Biden defalarca ABD’nin İsrail’in yanında yer alacağını belirtse de, son günlerde veya İsrail’in 1948’deki kuruluşundan bu yana Filistinlilerin başına gelen kötü durumu ve dehşeti ne kabul etti ne de onlara sempati duydu.
Konuşmada, bedeli ne olursa olsun Washington’un İsrail’e olan kararlı bağlılığının altı çizildi.
İşte incelemeye dahi dayanamayan üç an!
1. ‘Teröristlerin çocukların kafalarını kestiği fotoğrafları göreceğimi ve bunu doğrulayacağımı hiç düşünmemiştim’
Çarşamba günü Beyaz Saray’da konuşan Biden, Cumartesi günü İsrail’e düzenlenen saldırının ardından başları kesilen çocukların resimlerini gördüğünü iddia etti.
Hamas liderliğindeki saldırıyı “Yahudiler için Holokost’tan bu yana en ölümcül gün” olarak nitelendiren 80 yaşındaki başkan “Teröristlerin çocukların kafalarını kestiği fotoğrafları göreceğimi ve bunu doğrulayacağımı hiç düşünmemiştim.” dedi.
Saldırıyı takip eden günlerde İsrailli çocukların kafalarının kesildiğine ilişkin doğrulanmamış iddialar sosyal medyada viral oldu.
İsrail haber kanalı i24 muhabiri Nicole Zedek’in, başları kesilen bebeklere tanık olan İsrail askerleriyle konuştuğunu iddia etmesinden sonra iddialar geniş çapta yayıldı.

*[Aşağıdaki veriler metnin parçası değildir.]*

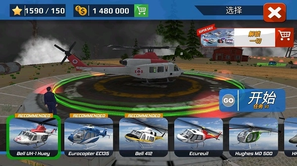 3、起飞前检查直升机,使直升机变得完美,并体验驾驶游戏的乐趣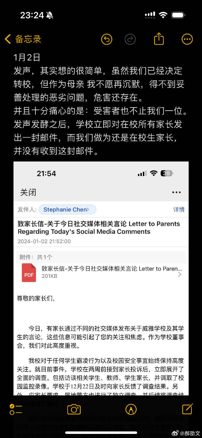 1月17日,郝劭文就繼女“被霸凌事件”再發聲:校方代表承諾學校將整改學校管理制度并且落實,私下向四位受害者家屬及孩子們道歉,但為了其他家長,校方不會對此公開道歉。

The Washington Post’un sorularına yanıt veren bir Beyaz Saray sözcüsü, Biden’ın iddiasını geri çevirdi ve başkanın başları kesilen çocukların resimlerini görmediğini söyledi.
Washington Post’un Çarşamba günkü haberine göre, “Başkan, vahşet iddialarıyla ilgili yorumlarını Netanyahu’nun sözcüsünün iddialarına ve Beyaz Saray’a göre İsrail medyasına dayandırdı!”

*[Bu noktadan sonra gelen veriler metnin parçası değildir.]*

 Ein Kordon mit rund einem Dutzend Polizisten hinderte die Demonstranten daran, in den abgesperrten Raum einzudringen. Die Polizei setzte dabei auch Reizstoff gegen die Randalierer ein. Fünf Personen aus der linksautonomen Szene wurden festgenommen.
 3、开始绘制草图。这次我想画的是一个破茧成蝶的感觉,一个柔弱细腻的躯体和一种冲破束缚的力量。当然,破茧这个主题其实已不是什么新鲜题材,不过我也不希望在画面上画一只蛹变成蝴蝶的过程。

2. ‘Barışı kutlamak için düzenlenen müzik festivaline katılan gençler katledildi. Kadınlar tecavüze uğradı, saldırıya uğradı, ödül olarak sergilendi
Cumartesi günü, Filistinli savaşçılar Gazze ile İsrail’i ayıran ağır askerileştirilmiş bariyeri aştılar ve birçok köye, kasabaya ve müzik festivaline girdiler. Yüzlerce İsraillinin öldürüldüğü bir kan banyosu yaşandı.

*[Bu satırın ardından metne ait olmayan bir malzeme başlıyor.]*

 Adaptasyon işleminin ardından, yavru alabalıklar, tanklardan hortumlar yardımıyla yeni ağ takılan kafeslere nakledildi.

Cumartesi sabahı saat 06.30’da başlayan saldırıda 260 kişinin öldüğü bildirildi.
Salı günü konuşan Biden, İsrailli kadınların “tecavüze uğradığını, saldırıya uğradığını ve ganimet olarak sergilendiğini” söyledi.
Perşembe günü itibarıyla kadınlara tecavüz edildiğine ya da geçit töreni yapıldığına dair hiçbir kanıt yok.
Saldırıda çok sayıda kadının öldürüldüğü ve savaş esiri olarak Gazze’ye geri götürüldüğü biliniyor ancak tecavüz iddiaları İsrail yetkilileri veya bağımsız insan hakları grupları tarafından henüz kanıtlanmadı.
Şimdiye kadar Los Angeles Times adlı en az bir yayın, “bu tür raporlar kanıtlanmamıştır” yazan bir “kayıt için” yayınlayarak iddiayı geri çekti.
3. ‘Teröristler bilinçli olarak sivilleri hedef alıyor, onları öldürüyor. Savaş kanunlarını savunuyoruz. Fark eder, önemi var.’
Biden, Salı günü yaptığı açıklamada İsrail’in sivilleri ve gazetecileri hedef almadığını öne sürerek İsrail’in Gazze’ye yönelik bombalama kampanyasını savunmaya çalıştı.
Konut binalarının ve BM tarafından işletilen yerinden edilmiş insanlar için barınak olarak kullanılan okulların bombalanmasının ardından yaşanan son saldırıda bu iddiaya Birleşmiş Milletler tarafından itiraz edildi.
Saldırıdan kısa bir süre sonra İsrail Savunma Bakanı Yoav Gallant bir yayında şunları söyledi: “Gazze Şeridi’nin tamamen kuşatılması emrini verdim. Elektrik olmayacak, yiyecek yok, yakıt olmayacak, her şey kapalı. Biz insan hayvanlarla savaşıyoruz.”
Abluka mutlaka bir savaş suçu değildir, ancak bir savaş taktiği olarak sivil halkın kasıtlı olarak aç bırakılması Cenevre Sözleşmelerinin ihlalidir!
Avrupa Birliği’nin dış politika şefi Salı günü şunları söyledi: “İsrail’in suyu, elektriği, çok sayıda sivilin gıdasını kesmesi, uluslararası hukuka aykırıdır.”
İsrail, 2008’den bu yana Gazze’de gerçekleştirdiği dört büyük operasyonda da savaş suçları işlemekle suçlanıyor; bunlardan ilki, sivillerin yaralanmasına ve ölümüne neden olan yoğun nüfuslu bölgelerde beyaz fosfor mühimmatının kullanılmasıydı.
Uluslararası Af Örgütü, 2018’de Büyük Dönüş Yürüyüşü gösterileri sırasında protesto yapan 200’den fazla Filistinlinin öldürülmesiyle İsrail’in savaş suçu işlediğini açıklamıştı.